U.S. oil majors like Exxon and Chevron are failing to grapple with the energy sector’s transition away from polluting fossil fuels and refusing to disclose potential risks to their portfolios from assets that may become “stranded,” or uneconomical to develop, in a low-carbon world, new research from the London-based think tank Carbon Tracker shows.
Exxon, for example, stands to lose at least 80 percent of its business-as-usual petroleum investments if the world takes action to limit global temperature rise to 1.6 degrees C (2.9 degrees F), a limit that is within the “well below 2 degrees C” goal prescribed in the Paris Climate Agreement.
According to a Carbon Tracker report released October 9, the energy transition — which climate scientists say is necessary to avoid the most catastrophic consequences of an overheating planet — is an existential threat to the oil and gas sector. The report, titled “Fault Lines: How Diverging Oil and Gas Company Strategies Link to Stranded Asset Risk,” is the latest in a series of analyses from the research organization examining how fossil fuel firms are responding to this energy transition and the inherent risks it poses to their core business.
The industry’s strategy in the face of this risk is not uniform, the new report finds, with major U.S. companies generally lagging far behind their European counterparts in starting to adapt their business model.
“Very few parts of fossil fuel producers’ business models will be left unshaken by the energy transition. European leaders like Eni and BP are responding with an increasingly joined-up approach but for Exxon and others the only consistency is how completely they shy away from decarbonization,” Andrew Grant, Carbon Tracker Head of Climate, Energy & Industry Research and report co-author, said in a press release.
According to the report, Eni and BP are among the European companies that seem better prepared for the changing energy landscape, though these two companies still face up to 50 to 60 percent of their portfolios’ assets becoming stranded.
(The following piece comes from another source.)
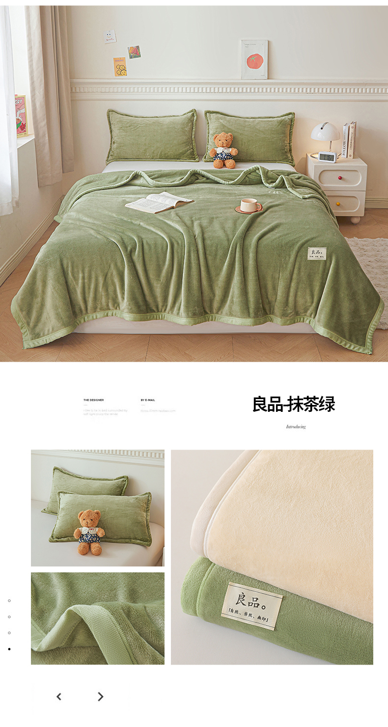 当前位置: 91家纺网 > 商品网购 > 毛毯休闲毯绒毯 > 毛毯 > 雅萱家纺 2024新款良品系列牛奶绒多功能毛毯盖毯 良品-抹茶绿

Chevron, ConocoPhillips, and Exxon, meanwhile, have not committed to substantially scaling back emissions, do not disclose price assumptions accounting for potentially uneconomical assets, and have even higher percentages of their portfolios at risk of becoming stranded in a world where warming is limited to 1.6 degrees C.
Exxon is perhaps the most resistant of the U.S. oil majors to shifting course. Recent reporting by Bloomberg Green based on leaked documents showed that Exxon’s internal strategy to expand petroleum production would cause carbon emissions to spike by 17 percent annually in just the next five years. And according to the new Carbon Tracker report, up to 90 percent of Exxon’s business-as-usual investments could be exposed to stranded asset risk. Exxon’s $10 billion Golden Pass liquefied natural gas (LNG) project in southeast Texas, for example, is one of 15 newly approved oil and gas projects identified by Carbon Tracker that are at risk of becoming stranded assets as the world pursues efforts to decarbonize.
But future developments in climate policy aside, current economic conditions mean that many proposed LNG projects in the U.S. face a steep path to being operational, much less profitable.
Failing to reckon with this energy transition and continuing to invest in petroleum projects that may become uneconomical also poses “a severe threat to the world’s financial system,” a report released in July by the National Whistleblower Center warned.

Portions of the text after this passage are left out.